This task asks for the lines from the one with "Siyah, elastik bel" to the final line below, repeated exactly, with pictures omitted.

## Records supplied
......

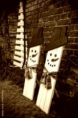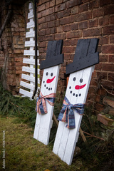 Outdoor Christmas decorations, snowman and Christmas tree
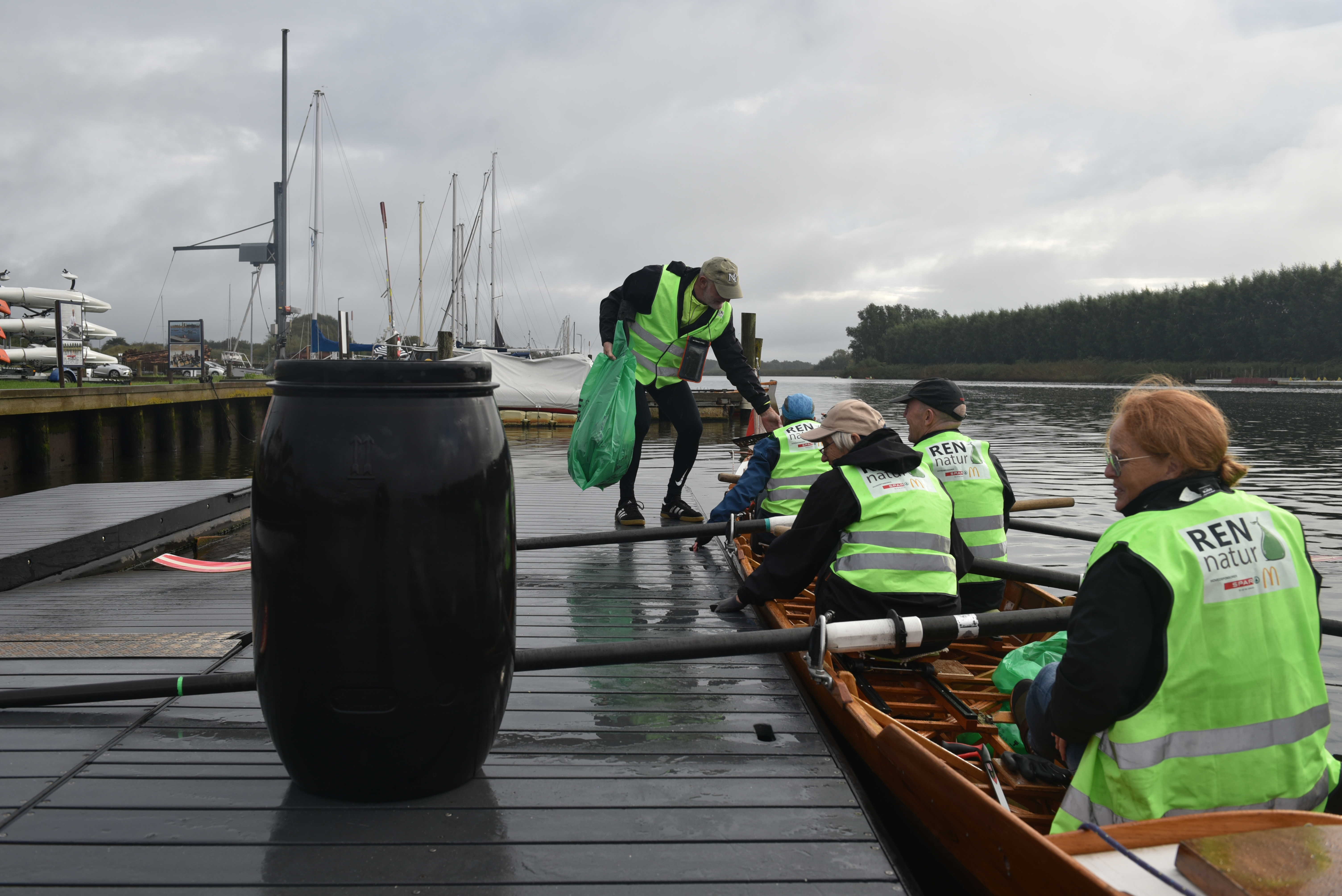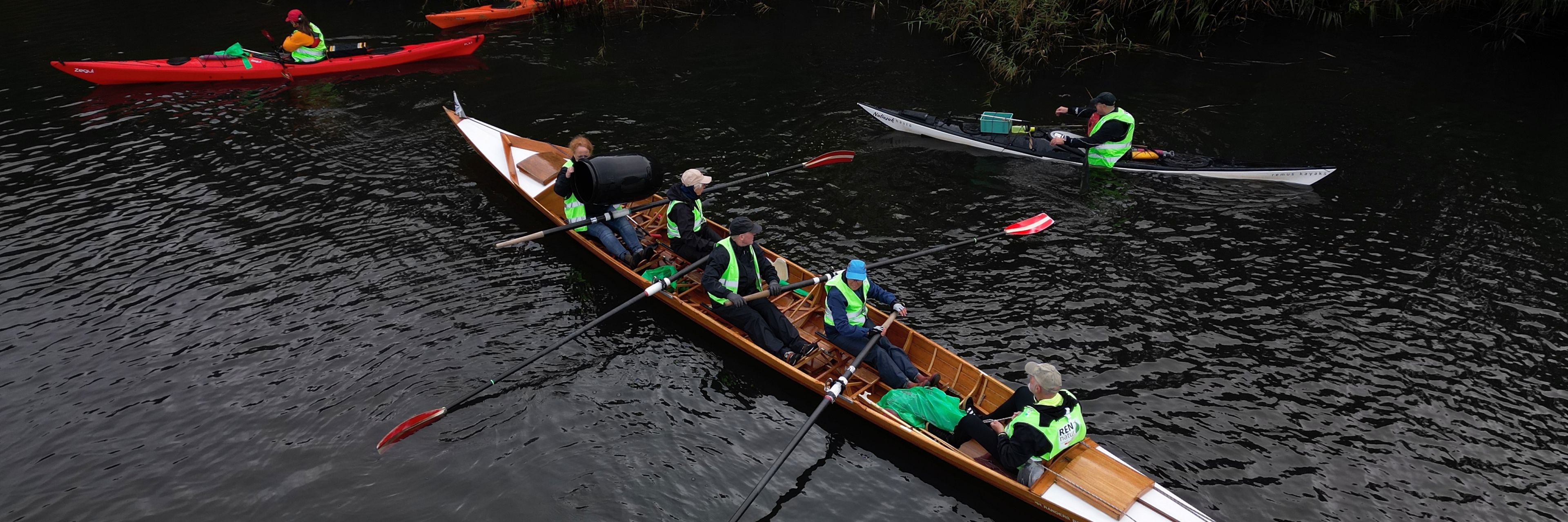 Selvom vejrudsigten forudsagde regnvejr, var roerne i Randers Roklub stålsatte på dagens opgave: Fjern affald på Gudenåen. De otte regntøjsklædte roere var klar fra morgenstunden, tre i kajak og fem i en robåd. Initiativtageren er bestyrelsesmedlem Vibeke Christensen, der ikke lader sig stoppe af dårligt vejr:
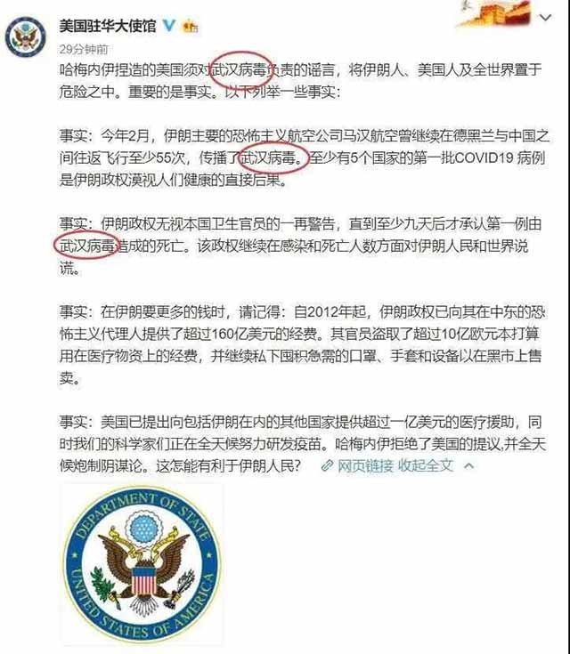 更具挑衅意味的是,美国驻华大使馆官方微博,在中国的网络平台上,连续发送两条微博,都带有“武汉病毒”字样。
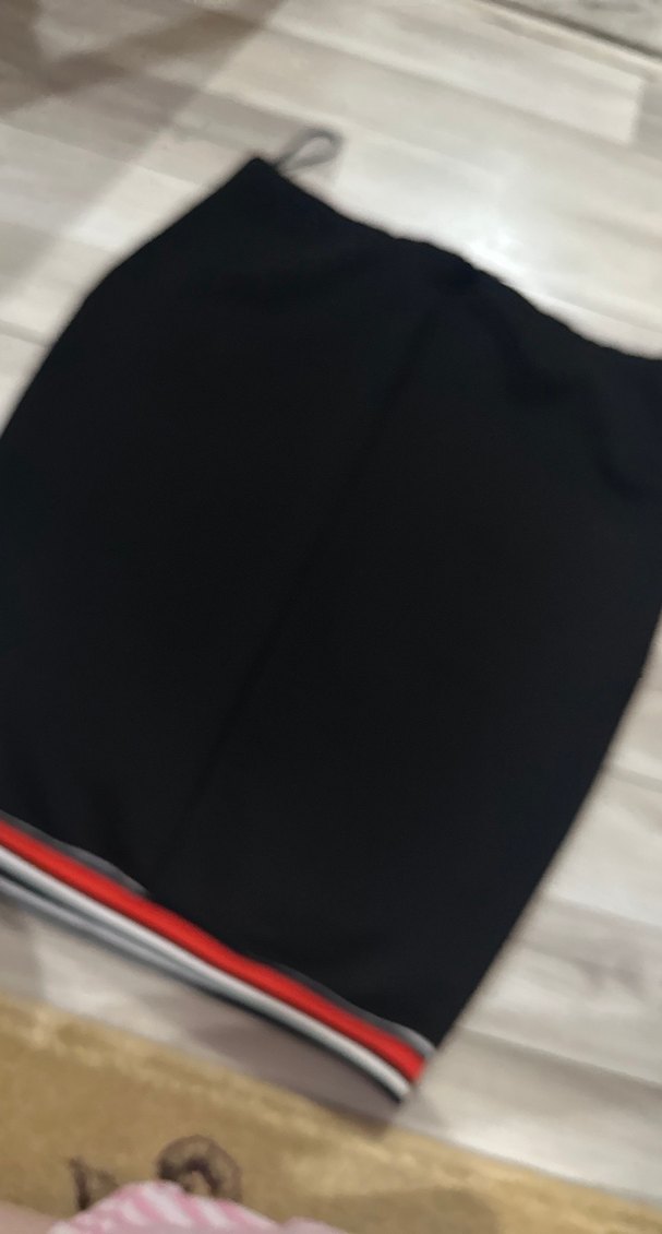 Siyah, elastik bel bantlı ve sportif çizgili etek ucu detaylı, sentetik kumaştan yapılmış dar kesim mini etek.
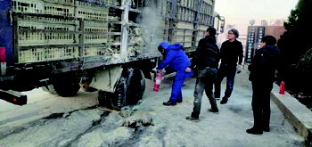 6点10分时,突然有一辆带着火光的大货车停靠在加油站进站口附近,面对突发险情,司机师傅手足无措、惊慌大喊起来“着火了、着火了……”崔石强闻声望去,此时只见大货车侧面浓烟滚滚,且与加油机相距不足200米,崔石强立即提起两具8公斤干粉灭火器冲向着火车辆,同时大声通知了同班员工,切断电源,关闭加油机。

......

## Result of this exercise
 Siyah, elastik bel bantlı ve sportif çizgili etek ucu detaylı, sentetik kumaştan yapılmış dar kesim mini etek.
 6点10分时,突然有一辆带着火光的大货车停靠在加油站进站口附近,面对突发险情,司机师傅手足无措、惊慌大喊起来“着火了、着火了……”崔石强闻声望去,此时只见大货车侧面浓烟滚滚,且与加油机相距不足200米,崔石强立即提起两具8公斤干粉灭火器冲向着火车辆,同时大声通知了同班员工,切断电源,关闭加油机。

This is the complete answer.